Referring to Figure 1, determine the rate at which water is being withdrawn from the syste...

Referring to Figure 1, determine the rate at which water is being withdrawn from the system at point A when the pump discharge pressure is 350 kPa and the pressure at point A is 250 kPa. The storage tank floats on the line with water at a height of 20 m, as shown. Sketch the HGL for the system. Determine at what rate the storage tank is being filled (or emptied) under these conditions.

FIGURE 1

Illustration for Example.

Example

A peak hourly flow rate of 100 L/s is required at point A, as illustrated in Figure 1. Pressure at that point is not to drop below 150 kPa. Determine (a) the required pressure at the pump station if the demand is satisfied without any distribution storage tank, and (b) the required pressure head at the pumps if the storage tank is used to help to meet peak demand by floating on the line at elevation 20 m, as shown.

Solution

(a) Compute the drop in pressure head from the pump station to the point of withdrawal, as follows:

For Q = 100 L/s and D = 250 mm, read S = 0.024 on the Hazen–Williams nomograph (Figure 2). Compute hL = S × L = 0.024 × 2000 = 48 m.

At point A, the pressure is not to drop below 150 kPa. Using Equation 1, one sees that 150 kPa is equivalent to 0.1 × 150 or 15 m of pressure head. Since flow occurs in the direction of sloping HGL, the 48 m of head loss must be added to the 15-m minimum pressure head requirement at point A. The HGL is shown in Figure 1. The pressure head is then 48 + 15 = 63 m, and using Equation 2, we find that the required pressure at the pump station is P = 9.8 × 63 ≈ 620 kPa.

(b) In this part of the problem, the storage tank is contributing flow to the withdrawal point.

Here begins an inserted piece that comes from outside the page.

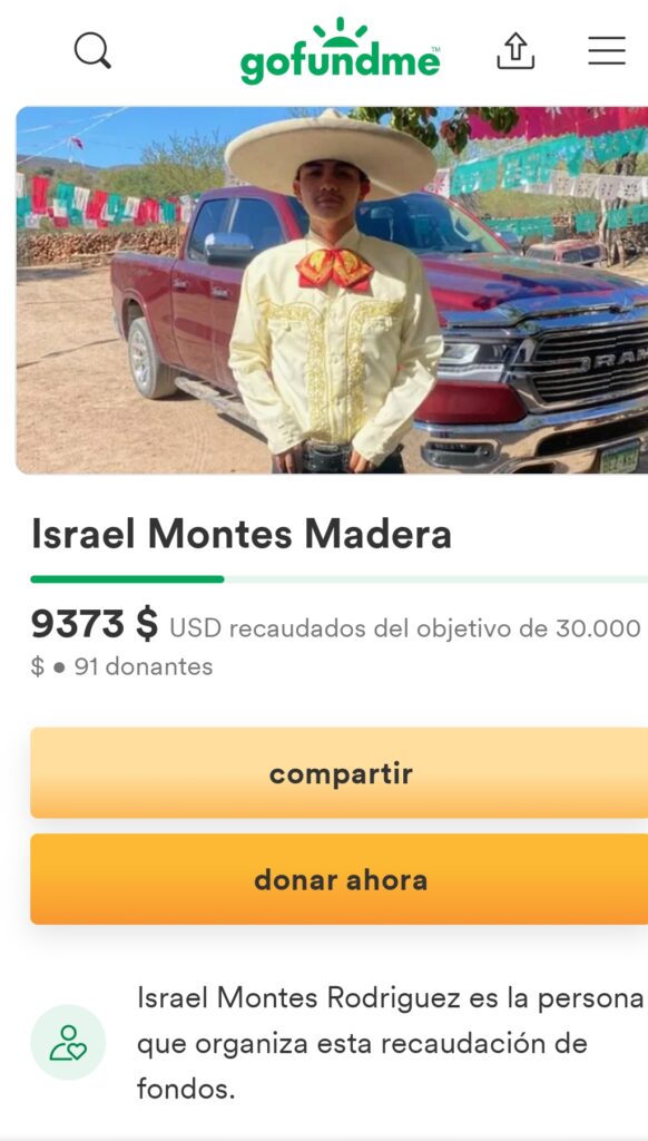 “Para aquellos que lo conocieron o pudieron compartir con él, todos sabíamos que Israel siempre te recibía con los brazos abiertos y una sonrisa grande, nuestro deseo es llevarlo a El Zapote, Zacatecas, Mexico para sepultarlo. No importa que tan chico o grande sea su donación, será inmensamente agradecida”, reza la petición.

The head loss in the 500 m of pipeline is 20 – 15 = 5 m. The slope of the HGL is then 5/500 = 0.01, and from the Hazen–Williams nomograph, with D = 200 mm and S = 0.01, read Q = 32 L/s.

Because the total withdrawal is still 100 L/s, the flow from the pump station must be 100 – 32 = 68 L/s. From the Hazen–Williams nomograph, with Q = 68 L/s and D = 250 mm, read S = 0.012. The head loss between the pump station and point A is then hL = 0.012 × 2000 = 24 m, and the required pressure head at the pump station is then 15 + 24 = 39 m; the required pressure is P = 9.8 × 39 ≈ 380 kPa.

It can be seen in this problem that the required pump capacity decreases from 100 L/s at a discharge pressure of 620 kPa to a capacity of 68 L/s at a pressure of 380 kPa when peak hourly demand is partially satisfied by water from a distribution storage tank.

FIGURE 2

A nomograph that provides a graphical solution to the Hazen–Williams equation for water flowing in circular pipes under pressure, with C = 100.